If the equation requires a high level of numerical accuracy, Frontier uses double precision. But if the equation does not require such heightened accuracy, the supercomputer can throttle the precision back to 32, 24, or even 16 bits. This strategy is known as mixed-precision.

Messer compares this strategy to shopping at the grocery store. Double precision is the equivalent of checking every aisle to make sure you get everything on your list. It’s thorough, but time and energy consuming. However, once you learn to see patterns in the grocery store’s layout, you can make your trips more efficient by only visiting certain aisles and grabbing specific items.

“Traditionally, high-performance computing has been all about doing everything in double precision, and there are good reasons for that,” Messer said. “A lot of problems need to calculate something that’s happening because of the influence of two countervailing forces. Climate is a good example of that. You’ve got input from the sun, atmospheric chemistry, all kinds of stuff.”

But, Messer adds, in other cases that extra accuracy doesn’t matter because the calculations don’t require such large numbers. When a supercomputer learns to throttle back for those calculations, it results in huge cost savings of computational resources.

And Frontier did just that. Using mixed-precision, the supercomputer clocked a mind-boggling speed of 9.95 quintillion calculations per second. That’s roughly eight times faster than the calculation speeds that broke the exascale barrier — the equivalent of going from Mach 1 to hypersonic speeds in about a year.

That’s our mission: To enable those questions that can’t be answered anywhere else.
Bronson Messer

Expanding the frontier of science and research

But can it run Crysis? Yes, it can, Messer laughs.

Frontier could run Crysis — or any other video game for that matter — at full frame rate 10,000 times over. However, since the team isn’t allowed to play games, mine cryptocurrency, or check their social media feeds on Frontier, they are instead using its amazing processing powers to advance science and research.

The supercomputer is currently helping GE engineers study turbulence and design rotor blades for an open-fan jet engine. Such engines could theoretically improve fuel efficiency by 20%, making air travel cheaper and cleaner.

Frontier is also being used to model worldwide cloud formations. The models were part of the Energy Exascale Earth System Model — a project that aims to combine Frontier’s speedy calculations with new software to create climate models that accurately predict decades of change. For their efforts, the team working on these simulations won the 2023 Gordon Bell Special Prize for Climate Modeling.

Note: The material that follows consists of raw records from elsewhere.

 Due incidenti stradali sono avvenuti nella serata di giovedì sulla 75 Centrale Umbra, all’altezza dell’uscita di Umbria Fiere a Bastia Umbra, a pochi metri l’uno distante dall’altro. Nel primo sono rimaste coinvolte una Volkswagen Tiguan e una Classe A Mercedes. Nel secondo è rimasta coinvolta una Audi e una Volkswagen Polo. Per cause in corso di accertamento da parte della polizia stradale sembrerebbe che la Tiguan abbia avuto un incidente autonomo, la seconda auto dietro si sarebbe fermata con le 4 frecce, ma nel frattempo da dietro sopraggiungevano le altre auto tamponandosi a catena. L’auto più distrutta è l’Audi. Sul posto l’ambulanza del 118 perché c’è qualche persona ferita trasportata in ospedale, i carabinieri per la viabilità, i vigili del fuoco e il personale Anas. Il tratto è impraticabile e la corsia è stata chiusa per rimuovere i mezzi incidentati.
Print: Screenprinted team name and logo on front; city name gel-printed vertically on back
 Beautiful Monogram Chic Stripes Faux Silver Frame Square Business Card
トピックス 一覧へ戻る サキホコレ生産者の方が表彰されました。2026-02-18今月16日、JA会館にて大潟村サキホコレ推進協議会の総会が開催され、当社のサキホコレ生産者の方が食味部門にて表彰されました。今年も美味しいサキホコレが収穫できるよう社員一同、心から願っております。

“We finally have climate models that are at a high enough resolution to resolve clouds for climate simulations at a rate of one simulated year per day. That means you can do a 40-year climate run in about a month, which is a remarkable achievement,” Messer said. “[After all], you want to make sure that you can run your simulations faster than the climate actually changes.”

Frontier also has the potential to help researchers arrange new protein structures for medical therapies, simulate natural disasters to aid emergency planning and forewarning, or make nuclear reactor designs safer by generating high-fidelity models of reactor phenomena.

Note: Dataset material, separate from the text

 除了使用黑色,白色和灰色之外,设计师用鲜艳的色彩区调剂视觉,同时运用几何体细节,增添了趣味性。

“There’s no scientific discipline that doesn’t get touched by supercomputing in some way,” Messer said. “We’re going to have projects ranging from the biggest to the smallest scales — from simulations of the universe to quarks being held in nuclei. It’s this ability to attack scientific problems across the spectrum of human inquiry that gets me up and jazzed every morning.”

He added: “That’s our mission: To enable those questions that can’t be answered anywhere else. If they didn’t have that much computing power, they wouldn’t even be able to ask the question.”

And by combining those questions with Frontier’s calculating speed, who knows what other barriers we might one day break through.